Thereafter, we discuss the external noise from the environment and the internal noise induced by the front-end amplifier described in
Section 3.1. From
Figure 11, the noise observed in the output of the amplifier (
VAL and
VAR) is estimated to be 10 mV
rms, which is mainly caused by the environment (hum noise). The simulated output noise induced by the amplifier in the frequency range of 0.01–100 Hz is 1.84 mV
rms, as shown in
Figure 6, which is significantly smaller than the noise from the environment. Therefore, we can conclude that the noise induced by the amplifier can be ignored. The noise is considered as one of the reasons to worsen the stability of the proposed gesture recognition sensor. When the larger amplitude signal than the comparator input margin, which represents the voltage difference between
VREF and the common mode voltage of the front-end amplifier as illustrated in
Figure 11, is induced by the noise in the input of the comparator, the hand motion is mis-detected. However, the comparator input margin in the proposed gesture recognition chip is 200 mV, while the noise amplitude is 10 mV
rms, which is much smaller than the comparator input margin. Thus, the stability degradation caused by the noise is ignorable.

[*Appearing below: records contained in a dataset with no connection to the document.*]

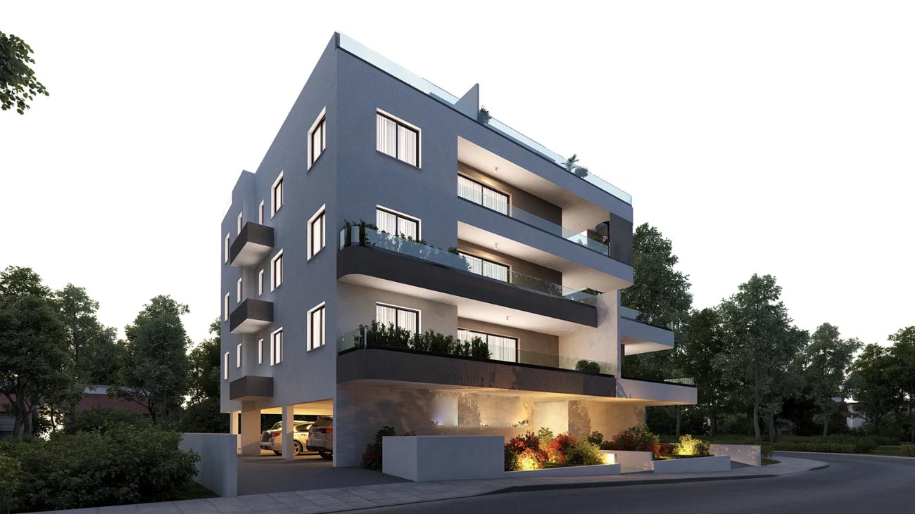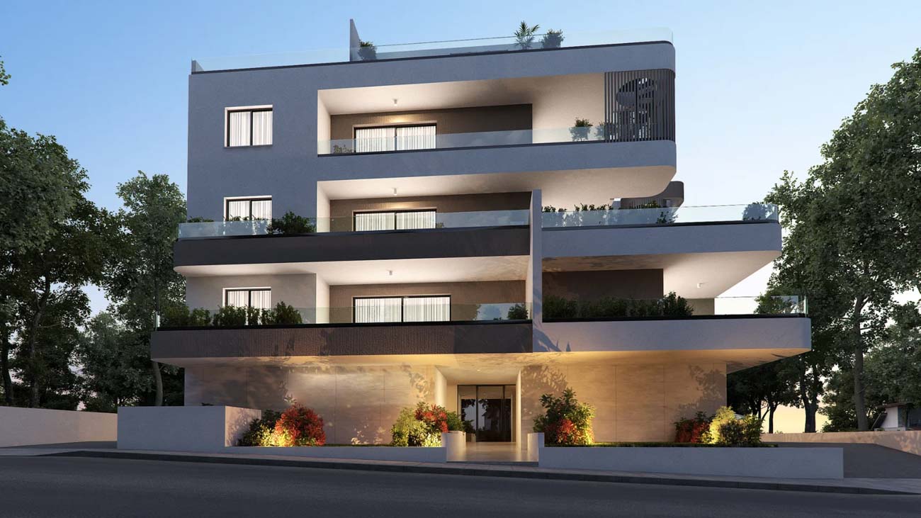 The project is located in Aradippou, Krasas area. The modern design of the apartment building emphasizes detail and ensures residents’ privacy. It is a three-story building with seven comfortable and contemporary apartments. The first floor consists of two two-bedroom apartments and one one-bedroom apartment, while the second floor has two two-bedroom apartments. The third floor includes two two-bedroom apartments with a private roof garden. There is a covered parking space and a storage room for each apartment. The project results from the coordinated design of an experienced team of architects, civil engineers, and interior designers.
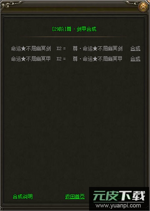 合成需背包中放置两件相同阶位的装备,武器与盔甲要求29阶以上,首饰要求33阶以上。满足条件后,合成项将显示为绿色文字,点击【合成】即可进行锻造。
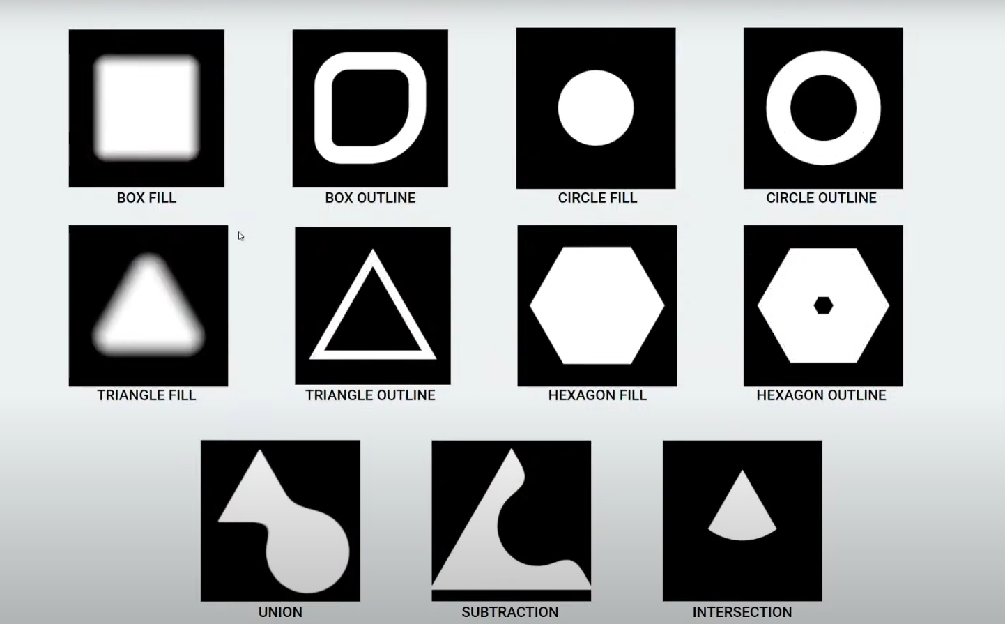 이것은 우리가 만든 SDF의 개요입니다. 머티리얼 랩에 추가한 것입니다. 그래서 우리는 상자, 삼각형, 원, 육각형을 가지고 있습니다.

The ESI currents may be affected by humidity level of the operation environment. As reported in [
9], the ESI currents mainly depend on the charge of electret and the charge of the human hand hardly affects the ESI currents. The author tested and confirmed that the proposed gesture recognition sensor can work at room temperature and moderate humidity in winter and summer, which is considered as practical operation environment. Tests under severer conditions are future work.
Finally,
Table 1 compares the proposed gesture sensor with conventional sensors [
4,
5,
6,
7]. The power dissipations of the photo sensor-based [
5] and capacitive sensor-based [
6] techniques are large because they are active type sensors; that is, they require the light by LED and electric field, and their generation consumes significant power. In contrast, image sensor-based [
4] and infrared lay-based [
7] gesture sensors have been demonstrated as passive-type sensors. Their power is smaller than that of the active-type sensors [
5,
6], whereas bulky components such as lenses are required. The proposed gesture sensing chip consumes 406 nW at a supply voltage of 3.3 V, which is less than 1/100th of the power dissipation of conventional gesture sensors [
4,
5,
6,
7]. Furthermore, the sensing electrodes of the proposed sensor are thin and mechanically flexible, and any bulky components are not required on the electrode. On the other hand, the number of gestures that the proposed sensor can detect is smallest, as shown in
Table 1. However, even such a small number of gestures is still meaningful in the target applications, such as touchless switch, described in
Section 1. In addition, the number of gestures can increase if the number of electrodes increases. For example, Kurita reported that eight gestures can be detected with four electrodes [
11] using electrostatic induction. Developing the sensor that can recognize more complicated gestures is future work.